== PROBLEM STATEMENT ==
Your answer is the line containing "Real leather clothing" plus every line after it through the end of the records, printed exactly and free of pictures.

[Source records]

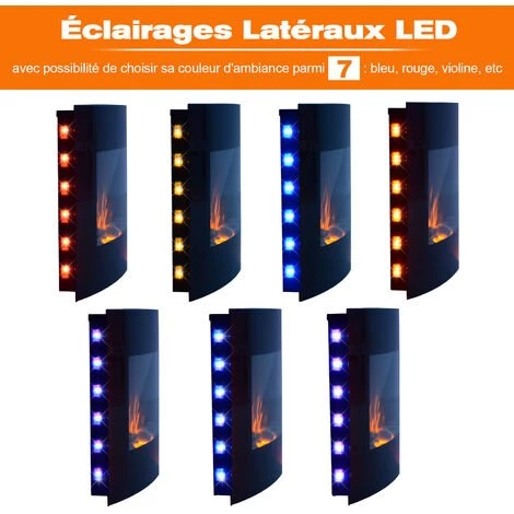 Cette superbe cheminée électrique murale de style avant-gardiste avec lumières latérales LED et effets flammes vous permettra de créer une ambiance cocooning et romantique unique dans votre salon ou chambre. Son design, sa chaleur restituée, sa douce lumière LED mutlicolore et ses effets flammes vous feront apprécier les soirées d’hiver au pied du feu !
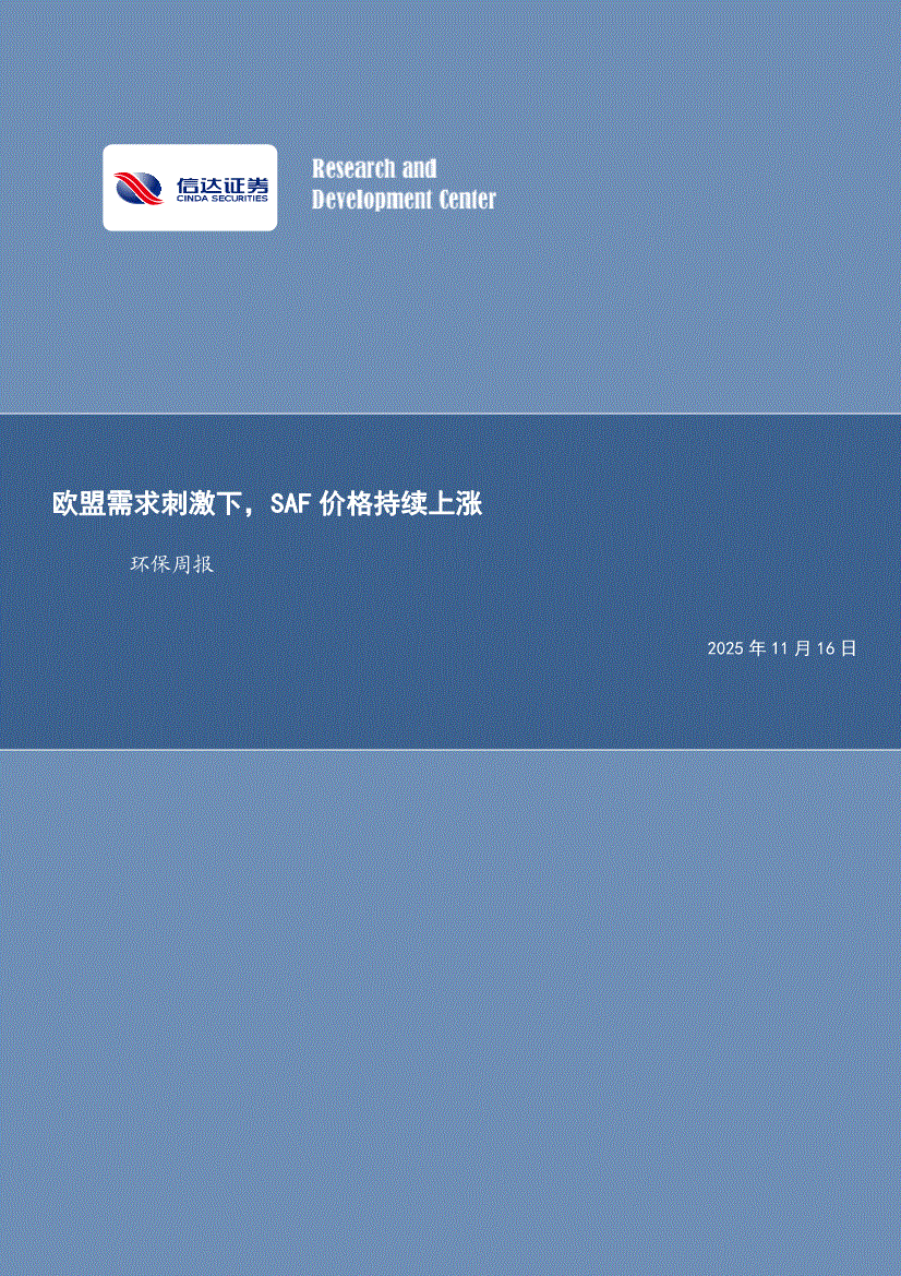 环保行业:信达证券-环保行业周报:欧盟需求刺激下,SAF价格持续上涨-251116
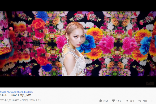 혼성그룹 KARD(BM, 제이셉, 전소민, 전지우)의 2번째 싱글 ‘덤 리티’(Dumb Litty) 뮤직비디오가 공개 12시간여 만에 100만뷰를 돌파했다.
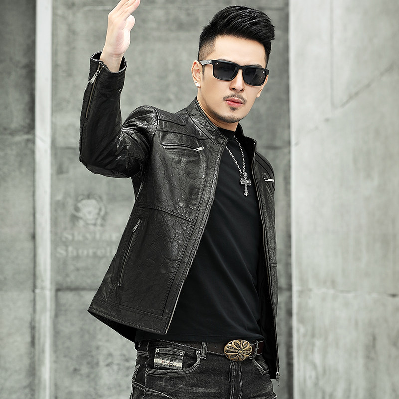 Real leather clothing male short section imported retro made of old calf leather oil wax leather upright collar with leather jacket locomotive jacket
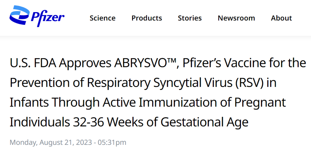 8月21日,辉瑞宣布FDA已批准其二价呼吸道合胞病毒(RSV)疫苗Abrysvo(RSVpreF,PF-06928316)新适应症上市,通过孕妇主动免疫,预防出生至6个月大的婴儿患上RSV相关下呼吸道疾病(LRTD),这是FDA批准的首款保护婴儿在出生至6个月内免受RSV引起的LRTD和严重LRTD的孕产妇接种疫苗。FDA已于2022年3月授予该疫苗突破性疗法资格认定,并于2023年2月授予其优先审评资格。

== RESULT OF THIS TASK ==
 Real leather clothing male short section imported retro made of old calf leather oil wax leather upright collar with leather jacket locomotive jacket
 8月21日,辉瑞宣布FDA已批准其二价呼吸道合胞病毒(RSV)疫苗Abrysvo(RSVpreF,PF-06928316)新适应症上市,通过孕妇主动免疫,预防出生至6个月大的婴儿患上RSV相关下呼吸道疾病(LRTD),这是FDA批准的首款保护婴儿在出生至6个月内免受RSV引起的LRTD和严重LRTD的孕产妇接种疫苗。FDA已于2022年3月授予该疫苗突破性疗法资格认定,并于2023年2月授予其优先审评资格。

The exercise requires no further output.